A = matrix(QQ, [[1,1],[2,1],[3,1],[4,1],[5,1],[6,1],[7,1]])
show(A)
Y = matrix(QQ, [[25],[15],[9],[24],[37],[50],[51]])
So let us see how to make better approximate our scatter plot using the least squares method, also called linear regression or data linearisation.
First, we choose a model. Based on the shape of the scatter plot, we figure that an affine line of equation $ y = a x + b $ should provide a reasonably good approximation.
Second, by definition of the least squares approximation, we study the following optimisation problem, for which the initial data is the scatter plot $ ( x_i, y_i )_{1 \leq i \leq 7} $ and the unknowns are the parameters of our model, meaning the real numbers $ (a,b) $.

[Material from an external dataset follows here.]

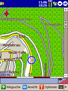 Prinzipiell lassen sich aus diesem ersten Bildschirm immer die drei Haupt-Menüpunkte Wegsuche, Ansicht und Optionen aufrufen. Der genaue Inhalt dieser Menüpunkte wird noch besprochen.

$$ \min_{(a,b)\in\mathbb{R}^2} \big(y_1-(ax_1+b)\big)^2 + \big(y_2-(ax_2+b)\big)^2 +\,\ldots \,+ \big(y_7-(ax_7+b)\big)^2 $$or, in matrix form,
$$\min_{(a,b)\in\mathbb{R}^2} \|Y-AX\|^2 $$where $ X = \begin{pmatrix} a \\ b \end{pmatrix} $, $$ A = \left(\begin{array}{rr} 1 & 1 \\ 2 & 1 \\ 3 & 1 \\ 4 & 1 \\ 5 & 1 \\ 6 & 1 \\ 7 & 1 \end{array}\right) \quad \text{and}\quad Y = \left(\begin{array}{r} 25 \\ 15 \\ 9 \\ 24 \\ 37 \\ 50 \\ 51 \end{array}\right) \,.$$
Warning. The notation can be confusing but the point is that the first column of $ A $ is given by the $ ( x_i )_{ 1 \leq i \leq 7 } $, while the vector $ Y $ is given by the $ ( y_i )_{ 1 \leq i \leq 7 } $ of our initial data. Note that $ \| Y - A X \|^2 = 0 $ precisely if $ Y = A X $, which means that all points $ ( x_i, y_i )_{ 1 \leq i \leq 7 } $ lie on the affine line of equation $ y = a x + b $.
# Check again what our data set is and compare it to the matrix A and the vector Y above.
show(data)
Mathematically, the optimization problem $$ \min_{X\in\mathbb{R}^2}\|Y-AX\|^2 $$ can be solved by orthogonal projection.

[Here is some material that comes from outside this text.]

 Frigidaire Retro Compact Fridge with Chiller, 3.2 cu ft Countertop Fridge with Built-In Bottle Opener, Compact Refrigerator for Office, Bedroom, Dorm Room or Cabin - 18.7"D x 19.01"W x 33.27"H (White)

Indeed, we are looking for a vector $ Z = A X $, meaning that $ Z \in \mathrm{Im}\,A $, that should minimise the quantity $ \| Y - Z \|^2 $, which is the square of the distance between the points associated to the vector $ Y $ and $ Z $ in $ \mathbb{R}^7 $.
We know the solution to that problem: it is provided by the orthogonal projection of the vector $ Y $ to the subspace $ \mathrm{Im}\, A \subset \mathbb{R}^7 $.

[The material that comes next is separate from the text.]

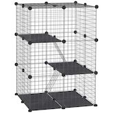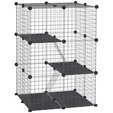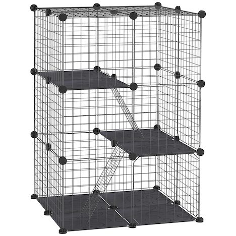 Cage parc enclos modulable rongeurs 3 niveaux 39 panneaux fil métallique PP noir

Note that it is quite remarkable that the solution to what is a $ 2 $-dimensional problem (find a line that best approximates a scatter plot in the plane) goes through orthogonal projection in an Euclidean space of dimension $ 7 $.
It only remains to implement that in practice. What we want is to compute the matrix of the orthogonal projection map to $ \mathrm{Im}\, A $, which is a linear map from $ \mathbb{R}^7 $ to itself.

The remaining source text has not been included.